My question now is how, if any way, can I speed up this calculation?

To be a bit frank, I think the code “looks simple” and I’ve seen a lot more complex codes with something about shared memory and other tricks etc. If I wish to save the intermediate results as I do in the code currently, would there be any way to speed this up?

Kind regards

As you’re doing a pure element-wise transformation, shared memory and other tricks are not relevant here. See Training/2-2-kernel_analysis_optimization.ipynb at master · JuliaComputing/Training · GitHub for other optimization advice; you’ll have to use the profiler tools to squeeze the last out of this kernel. You may want to mark your entire `for` look `@inbounds`, and avoid unneeded 64-bit registers to reduce register pressure. Also try playing with different launch configurations, what’s returned by the occupancy API isn’t always optimal for your specific hardware.

2 Likes

Thank you for the hints!

I tested @inbounds in front of the loop and unfortunately no effect (or perhaps nice that the compiler did it it self!)
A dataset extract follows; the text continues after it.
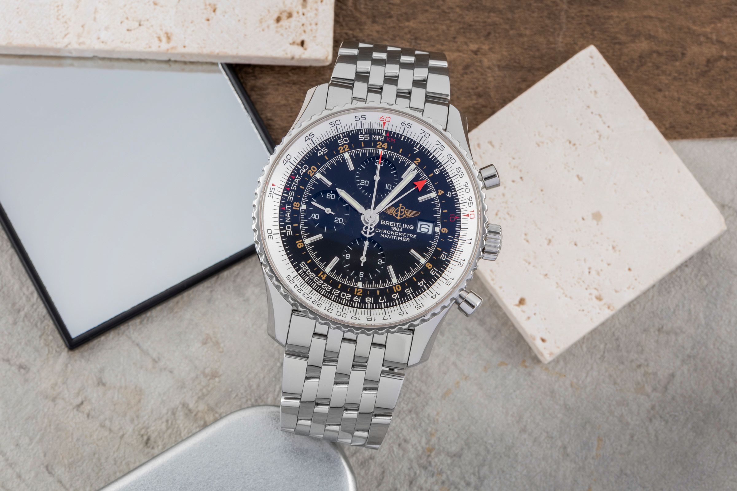 Alternative title: Breitling A24322 Navitimer World GMT; Breitling Navitimer World GMT Chronograph Automatik Ref. A24322 Klassiker B&P [2505378]

I tested launch configs and found that I could not find any beating my current launch config

I did not look into profiling on GPU, but all of that is also a bit out of my league now I think. For now I will accept this performance so I can develop the rest of what I want and hopefully gain more skill meanwhile

EDIT: I could not get registers below 29 for GPU_GRAD kernel, only with “maxregs” option set to 8, which turned registers to 16 - but worse performance by 4 times

Kind regards